Introduction To Stock Trading

Post on: 18 Август, 2015 No Comment

Introduction To Stock Trading

Welcome to the world of stocks

Everybody knows the old maxim “buy low, sell high,” and we all hear rumors around the water cooler about stocks that are poised to take off. Some people think that’s all you need to know to make a killing in the stock market.

Those people are wrong.

Before you begin to invest in stocks or actively trade them, it’s crucial for you to understand exactly what a stock is and the fundamentals of how the stock market works. After all, you’re looking to put your money on the line and you should be informed before taking that first step. A stock is a type of security reflecting ownership in a publicly traded company.

Included here are important items to know before plunking down money for that first investment or initial trade, including: what it means to own stock; a comparison of stocks to bonds and a list of potential risks and rewards; an explanation of how stocks are bought and sold in the primary and secondary marketplaces; a discussion of the rights and protections of stockholders; a comparison of common and preferred stock; and insight into the NYSE and NASDAQ markets. Last, but certainly not least, you’ll learn about two major forces on stock prices — supply and demand and quarterly earnings reports. All of this is essential knowledge for any aspiring trader or investor.
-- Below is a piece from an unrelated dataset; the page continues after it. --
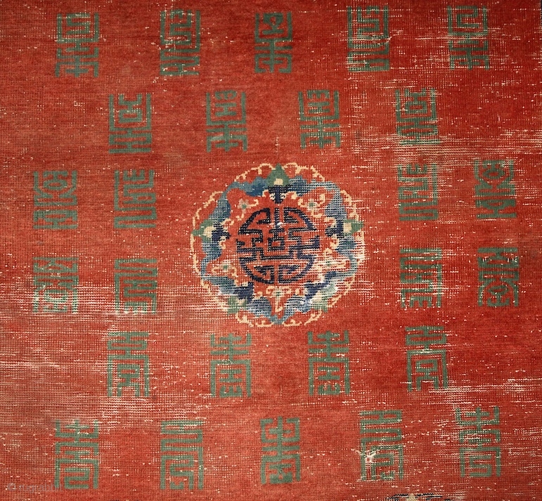 Mytical chinese? monastry carpet, first half of 19th century, absolutely unusual main field full of (probably) longevity "shou" and "fuo" symbols around 5 mystic floating medallion. Exceptionally drawn 3 dimensional swastika border going all around, the symbol of the cyclic sun together with the full moon in the inner border. Note the 3 different blue colors, 3 different greens, and bright brick red field.... Other pieces on sale here: http://rugrabbit.com/profile/5160

Stock and bonds: How companies raise money

As companies evolve over time, sometimes they need to raise capital in order to expand operations, buy new equipment, build a new factory or office building, and myriad other purposes. For smaller endeavors, it may be possible to borrow money from a bank to cover expenses. When very large sums are needed, however, companies may instead decide to issue securities to the general public.

One way to go about this is to borrow money by issuing “debt securities” like bonds. When corporations sell bonds, they’re borrowing money from the institutions and members of the public who buy them. In return for the loan, bond buyers expect to receive interest payments and then receive the full face value of the bond at a specified date in the future.

However, if a company does not wish to be saddled with interest payments to creditors and face repayment of the debt on a specified date, they may instead choose to issue “equity securities” like stock in order to raise the money they need.

Introduction To Stock Trading

Risks and rewards of stocks vs. bonds

When you own a stock, nothing is guaranteed. If the firm goes bankrupt, you can potentially lose your entire investment. There may be nothing left over for you as a stockholder once the banks and bondholders have been paid off during liquidation – stockholders claim lower priority in a bankruptcy filing than creditors.

On the other hand, if the company does well, you may stand to gain much more than bondholders. Not only might you receive dividends if the company is profitable, the value of the stock itself may also increase over time — sometimes with spectacular results. Although bondholders are typically exposed to less risk, they only stand to gain interest payments over time, which generally is less than potential gains from stocks.

When investing in stocks, your objective is to take calculated risks so that your assets will appreciate at a rate greater than potential interest payments. When investing in bonds, the objective is to preserve your assets at lower risk while generating income from interest payments over time.